Conclusioni La revisione della letteratura sulla residenzialità per la persona con DI indica una sostanziale indisponibilità di studi di elevato valore scientifico. È inoltre ravvisabile come la valutazione dell’esito degli interventi e dei programmi sia stata eseguita con criteri eterogenei, scarsamente definiti o restrittivi. Sembra tuttavia derivabile che alcune soluzioni residenziali possano funzionare meglio di altre, anche se limitatamente ad alcuni parametri specifici e con riferimento prevalente ad alcuni sottogruppi di popolazione. L’applicazione di nuovi modelli concettuali ai percorsi di residenzialità inclusiva sembra sostenere la necessità di una gamma davvero molto ampia di offerte.

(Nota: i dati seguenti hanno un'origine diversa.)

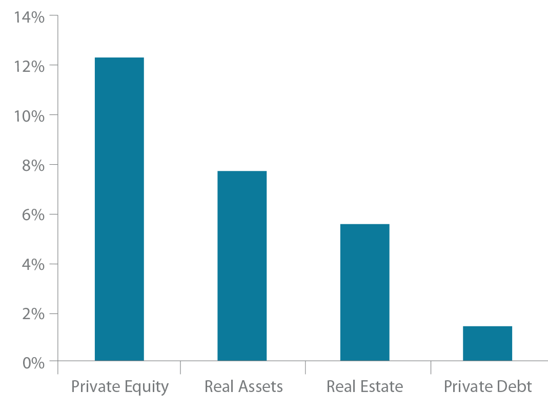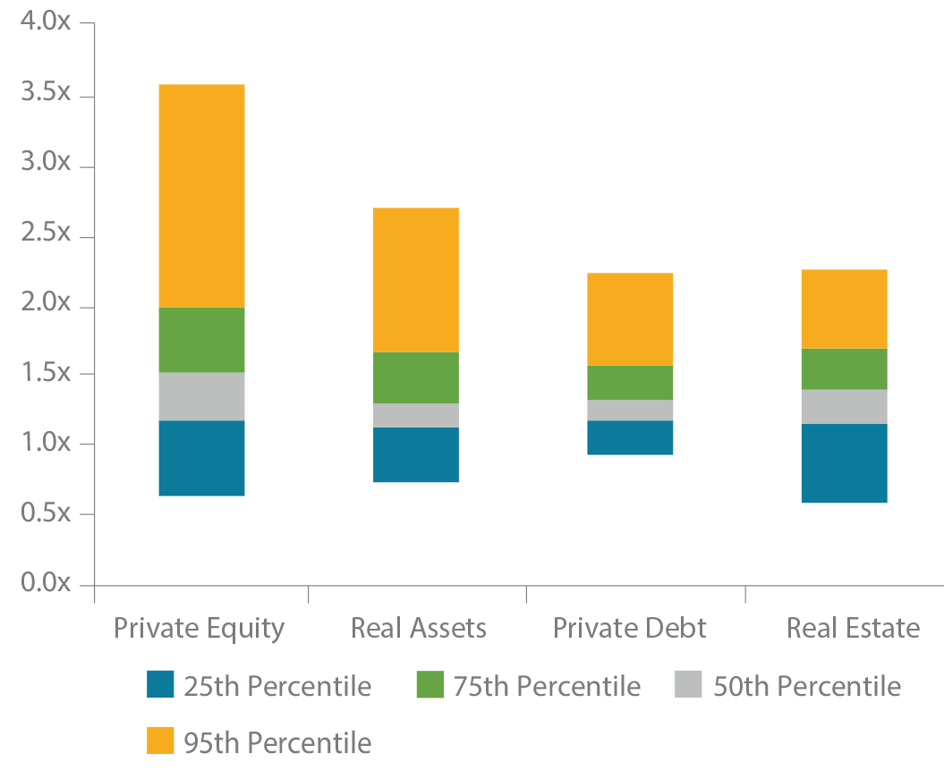 75th percentiles. Private Debt excludes distressed and mezzanine strategies and Private Equity comprises buyout and growth equity strategies.

Un’unica opportunità residenziale non risulta poter essere utile a tutte le persone, tanto più quando ci si riferisca a una popolazione altamente eterogenea come quella che si comprende nella denominazione ‘‘disabilità intellettiva’’ (o ritardo mentale, nei sistemi diagnostici). Per quelle persone per cui l’abitare — termine derivante dalla stessa radice semantica di ‘‘avere’’ — rappresenta uno degli aspetti più importanti della vita, la soddisfazione in quest’ambito ha importanti conseguenze sullo sviluppo di altre abilità specifiche e sulla soddisfazione generale di vita. La collocazione residenziale che si inscriva in un intervento orientato al miglioramento della QdV ha dunque implicazioni formative e riabilitative. Essa, infatti, concorre a porre e a mantenere la persona su una linea di sviluppo di abilità alla soddisfazione di vita.
Conflitto di interesse Gli autori dichiarano di essere esenti da conflitto di interesse.